A neutrophil-biomimic platform for eradicating metastatic breast cancer stem-like cells by redox microenvironment modulation and hypoxia-triggered differentiation therapy.
10.1016/j.apsb.2022.05.027
- Author:
Yongchao CHU
1
;
Yifan LUO
1
;
Boyu SU
1
;
Chao LI
1
;
Qin GUO
1
;
Yiwen ZHANG
1
;
Peixin LIU
1
;
Hongyi CHEN
1
;
Zhenhao ZHAO
1
;
Zheng ZHOU
1
;
Yu WANG
1
;
Chen JIANG
1
;
Tao SUN
1
Author Information
1. Key Laboratory of Smart Drug Delivery (Ministry of Education), Minhang Hospital, State Key Laboratory of Medical Neurobiology and MOE Frontiers Center for Brain Science, Department of Pharmaceutics, School of Pharmacy, Research Center on Aging and Medicine, Fudan University, Shanghai 201203, China.

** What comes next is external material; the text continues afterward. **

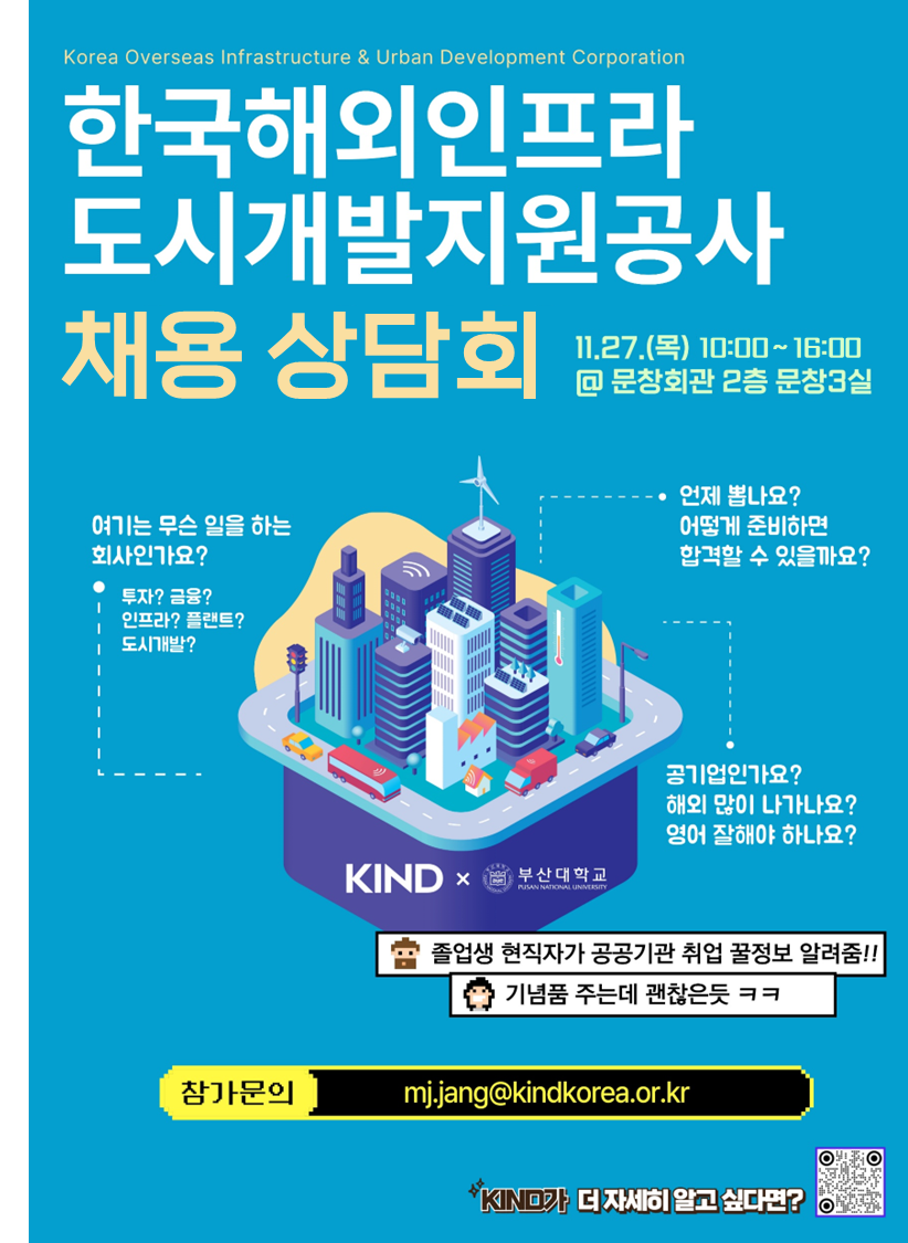 한국해외인프라도시개발지원공사(KIND) 2025 하반기 채용상담회 안내(11/27/목)

- Publication Type:Journal Article
- Keywords:
Breast cancer;
Cancer stem cell;
Glutathione;
Hypoxia;
Metastasis;
Neutrophil;
Nitroimidazole;
Reactive oxygen species
- From:
Acta Pharmaceutica Sinica B
2023;13(1):298-314
- CountryChina
- Language:English
-
Abstract:
Metastasis accounts for 90% of breast cancer deaths, where the lethality could be attributed to the poor drug accumulation at the metastatic loci. The tolerance to chemotherapy induced by breast cancer stem cells (BCSCs) and their particular redox microenvironment further aggravate the therapeutic dilemma. To be specific, therapy-resistant BCSCs can differentiate into heterogeneous tumor cells constantly, and simultaneously dynamic maintenance of redox homeostasis promote tumor cells to retro-differentiate into stem-like state in response to cytotoxic chemotherapy. Herein, we develop a specifically-designed biomimic platform employing neutrophil membrane as shell to inherit a neutrophil-like tumor-targeting capability, and anchored chemotherapeutic and BCSCs-differentiating reagents with nitroimidazole (NI) to yield two hypoxia-responsive prodrugs, which could be encapsulated into a polymeric nitroimidazole core. The platform can actively target the lung metastasis sites of triple negative breast cancer (TNBC), and release the escorted drugs upon being triggered by the hypoxia microenvironment. During the responsiveness, the differentiating agent could promote transferring BCSCs into non-BCSCs, and simultaneously the nitroimidazole moieties conjugated on the polymer and prodrugs could modulate the tumor microenvironment by depleting nicotinamide adenine dinucleotide phosphate hydrogen (NADPH) and amplifying intracellular oxidative stress to prevent tumor cells retro-differentiation into BCSCs. In combination, the BCSCs differentiation and tumor microenvironment modulation synergistically could enhance the chemotherapeutic cytotoxicity, and remarkably suppress tumor growth and lung metastasis. Hopefully, this work can provide a new insight in to comprehensively treat TNBC and lung metastasis using a versatile platform.